The Customer wanted to bring in more data from internal data sources, as well as, third party data sources and open the analytics platform to more users globally.

The Solution

The mLogica team began with a detailed analysis of the environment to review the Redshift design and architecture as well as the key processes and tools used to enable the functionality required of the system and establish the baseline issues impacting the stability of the environment. After a thorough analysis, mLogica was able to determine that the original design forced key processes were in constant contention with each other thereby causing the system to become unstable and crash. mLogica recommended modification of the processes, new configuration settings for the tools which were being used to support the key functional requirements, and a new deployment architecture more suited to support the requirements of the system and to achieve the performance goals outlined early in the engagement. A resolution plan for the existing issues was proposed to the Customer with mLogica providing a best practices and recommendations document along with a conceptual architecture diagram to improve the end-to-end data pipeline performance including DMS and Redshift service optimization.

The Customer accepted our recommendations and the new configuration deployed which allowed achieved the following results

  • Predictability: Processes finished on time with no contention
  • Stability: System uptime targets were achieved
  • Scalability: The ability to scale up to meet peak demands was accomplished

The Benefit

mLogica implemented the recommended end state architecture for separate workloads between Aurora and Redshift; including directing the insert, delete, and update processing to Aurora; performing transformational processing at the DMS level (ETL) or at Aurora level (ELT) and using Redshift only for analytics.

After the new architecture was implemented, mLogica directed the users to Redshift based on their use cases. Batch processing was also directed accordingly. This eliminated user and processing restrictions.

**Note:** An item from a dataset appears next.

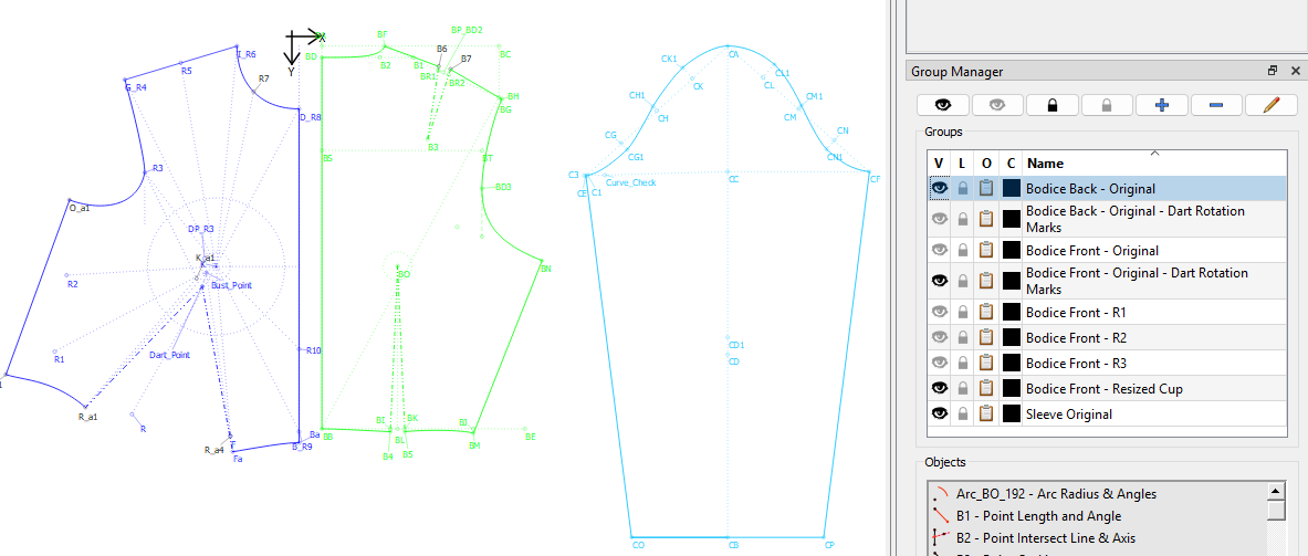 What I do is, I put the basic draft into a group. Then I make changes to the design by adding points to the existing draft and rotating parts around to change the position of the darts, etc. etc. Here is an image of my HJA basic sloper with the bust adjustment:

This optimization enabled the Customer to separate development/quality assurance from the production instance for both Redshift and Aurora as part of the proposed end-state architecture. Additionally, high availability/disaster recovery was implemented and CloudWatch utilized to monitor various aspects of the Redshift cluster. These best practices enabled the Customer to define data residency requirements, since the final deployment will be global; review the compliance risks and create mitigation plans; and plan for data security risks – data privacy and GDPR regulations.